Dataset records
○ ○ ○ ○

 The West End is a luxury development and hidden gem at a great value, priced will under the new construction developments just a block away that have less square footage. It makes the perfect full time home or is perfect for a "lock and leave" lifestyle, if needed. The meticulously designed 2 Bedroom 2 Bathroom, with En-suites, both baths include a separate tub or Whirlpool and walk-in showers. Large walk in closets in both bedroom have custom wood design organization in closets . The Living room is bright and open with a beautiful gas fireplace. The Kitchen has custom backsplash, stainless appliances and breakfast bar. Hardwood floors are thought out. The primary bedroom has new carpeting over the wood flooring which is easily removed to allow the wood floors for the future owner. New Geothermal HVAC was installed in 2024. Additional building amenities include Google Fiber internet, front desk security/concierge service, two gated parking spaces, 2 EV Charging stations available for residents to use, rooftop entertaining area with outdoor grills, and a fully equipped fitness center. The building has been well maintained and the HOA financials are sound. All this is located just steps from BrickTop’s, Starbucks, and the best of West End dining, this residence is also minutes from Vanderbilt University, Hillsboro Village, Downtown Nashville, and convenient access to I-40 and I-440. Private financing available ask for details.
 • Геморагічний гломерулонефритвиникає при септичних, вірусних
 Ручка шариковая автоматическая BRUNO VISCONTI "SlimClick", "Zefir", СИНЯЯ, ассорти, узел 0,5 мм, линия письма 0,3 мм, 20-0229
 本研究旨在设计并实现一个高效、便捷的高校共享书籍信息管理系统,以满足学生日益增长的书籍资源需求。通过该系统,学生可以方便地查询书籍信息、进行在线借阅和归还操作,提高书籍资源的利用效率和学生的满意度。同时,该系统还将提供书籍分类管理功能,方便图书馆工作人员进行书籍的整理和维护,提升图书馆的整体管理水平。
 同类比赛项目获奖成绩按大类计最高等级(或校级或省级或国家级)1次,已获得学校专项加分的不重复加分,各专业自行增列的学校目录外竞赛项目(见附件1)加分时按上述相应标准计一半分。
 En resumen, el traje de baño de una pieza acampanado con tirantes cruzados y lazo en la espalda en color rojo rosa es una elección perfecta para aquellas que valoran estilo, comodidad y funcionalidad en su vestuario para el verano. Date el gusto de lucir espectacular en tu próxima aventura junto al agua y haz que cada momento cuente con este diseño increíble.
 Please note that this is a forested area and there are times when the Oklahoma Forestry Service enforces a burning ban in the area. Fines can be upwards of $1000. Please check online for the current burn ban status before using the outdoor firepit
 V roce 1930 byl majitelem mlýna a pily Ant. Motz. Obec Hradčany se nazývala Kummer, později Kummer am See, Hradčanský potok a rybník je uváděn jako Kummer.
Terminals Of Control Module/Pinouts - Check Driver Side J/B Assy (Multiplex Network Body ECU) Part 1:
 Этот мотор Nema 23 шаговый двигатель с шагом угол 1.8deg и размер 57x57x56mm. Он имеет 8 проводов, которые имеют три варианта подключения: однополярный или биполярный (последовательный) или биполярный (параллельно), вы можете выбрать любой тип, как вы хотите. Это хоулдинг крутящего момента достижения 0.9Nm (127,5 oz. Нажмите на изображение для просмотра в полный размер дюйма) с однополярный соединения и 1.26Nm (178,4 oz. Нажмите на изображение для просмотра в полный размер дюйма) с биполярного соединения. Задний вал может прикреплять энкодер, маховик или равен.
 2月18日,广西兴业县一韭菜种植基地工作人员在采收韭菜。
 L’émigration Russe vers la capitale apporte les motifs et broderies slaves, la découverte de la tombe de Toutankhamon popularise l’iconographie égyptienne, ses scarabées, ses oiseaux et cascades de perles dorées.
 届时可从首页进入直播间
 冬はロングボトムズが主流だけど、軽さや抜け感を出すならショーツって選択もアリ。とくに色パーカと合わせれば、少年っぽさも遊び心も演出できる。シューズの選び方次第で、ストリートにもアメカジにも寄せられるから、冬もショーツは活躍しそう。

○ ○ ○ ○

Your instructions
A faithful copy of the lines from the line containing "Этот мотор Nema" to the end of the data should be set down, both ends included, and nothing more.

Answer to this task
 Этот мотор Nema 23 шаговый двигатель с шагом угол 1.8deg и размер 57x57x56mm. Он имеет 8 проводов, которые имеют три варианта подключения: однополярный или биполярный (последовательный) или биполярный (параллельно), вы можете выбрать любой тип, как вы хотите. Это хоулдинг крутящего момента достижения 0.9Nm (127,5 oz. Нажмите на изображение для просмотра в полный размер дюйма) с однополярный соединения и 1.26Nm (178,4 oz. Нажмите на изображение для просмотра в полный размер дюйма) с биполярного соединения. Задний вал может прикреплять энкодер, маховик или равен.
 2月18日,广西兴业县一韭菜种植基地工作人员在采收韭菜。
 L’émigration Russe vers la capitale apporte les motifs et broderies slaves, la découverte de la tombe de Toutankhamon popularise l’iconographie égyptienne, ses scarabées, ses oiseaux et cascades de perles dorées.
 届时可从首页进入直播间
 冬はロングボトムズが主流だけど、軽さや抜け感を出すならショーツって選択もアリ。とくに色パーカと合わせれば、少年っぽさも遊び心も演出できる。シューズの選び方次第で、ストリートにもアメカジにも寄せられるから、冬もショーツは活躍しそう。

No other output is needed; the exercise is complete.